The moment your system spans machines, physics gets a vote. The CAP theorem, consistency choices, and how data is partitioned and replicated across nodes.
Why: in a distributed system a network partition (nodes unable to talk) will happen, and the CAP theorem says that when it does you must choose between consistency (every read sees the latest write) and availability (every request gets a response) — you cannot have both during a partition. When: decide per system whether stale-but-available or consistent-but-unavailable is correct (a bank balance vs. a social feed differ). Where: this is the fundamental trade-off behind every distributed data decision.
CAP: during a network Partition, you must choose Consistency OR Availability.
(Partition tolerance isn't optional in a distributed system — networks fail.)
CP stay CONSISTENT, refuse requests you can't serve correctly
-> e.g. a bank ledger: better unavailable than wrong
AP stay AVAILABLE, serve possibly-stale data, reconcile later
-> e.g. a social feed: better slightly stale than down
Not "which is better" — which is CORRECT for this data. Choose deliberately.Why: "consistency" is not binary — it ranges from strong (every read reflects the latest write, simple to reason about but costly and lower-availability) to eventual (replicas converge over time, high availability and scale, but reads can be stale) — and most large systems pick eventual where they can. When: use strong consistency where correctness demands it (money, inventory counts), eventual where availability and scale matter more. Where: this is the same trade-off as CQRS’s eventual consistency, now at the data-store level.

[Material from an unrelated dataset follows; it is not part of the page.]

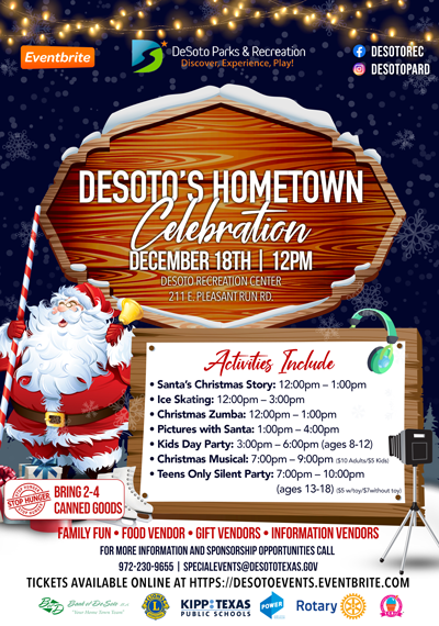 Its the most wonderful time of the year!!! You can experience all aspects of holiday cheer without leaving Southwest Dallas County. Check out these free family friend events in Desoto, Lancaster, Duncanville, Glenn Heights, and Cedar Hill.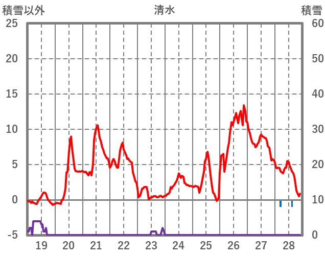| 日 | 時 | 気温 | 降水 | 風向/風速 | 日照 | 積雪 | 降雪 |

STRONG ◄─────────────────────────────────────────────► EVENTUAL
every read = latest write replicas converge "eventually"
easy to reason about highly available + scalable
costly, lower availability reads can be briefly stale
Money, stock counts -> lean strong
Feeds, view counts, caches -> eventual is fine (and much cheaper to scale)
Push toward eventual wherever correctness allows — it's what scales.Why: to scale data beyond one machine you partition (shard) it — split it across nodes by a key so each holds a subset — and to survive failures you replicate it — keep copies on multiple nodes. When: shard for scale (choose a key that spreads load evenly and avoids hot spots), replicate for availability and read throughput. Where: these two mechanisms, and the consistency choices around keeping replicas in sync, underlie every distributed database.
PARTITIONING (sharding) — split data for SCALE:
users A-H ─► node 1 users I-P ─► node 2 users Q-Z ─► node 3
(choose a shard key that spreads load evenly; beware "hot" keys)
REPLICATION — copy data for AVAILABILITY + read throughput:
node 1 (primary) ──replicates──► replica ──► replica
(a replica takes over if the primary dies; reads can fan out)
Keeping replicas in sync is where the consistency choice bites.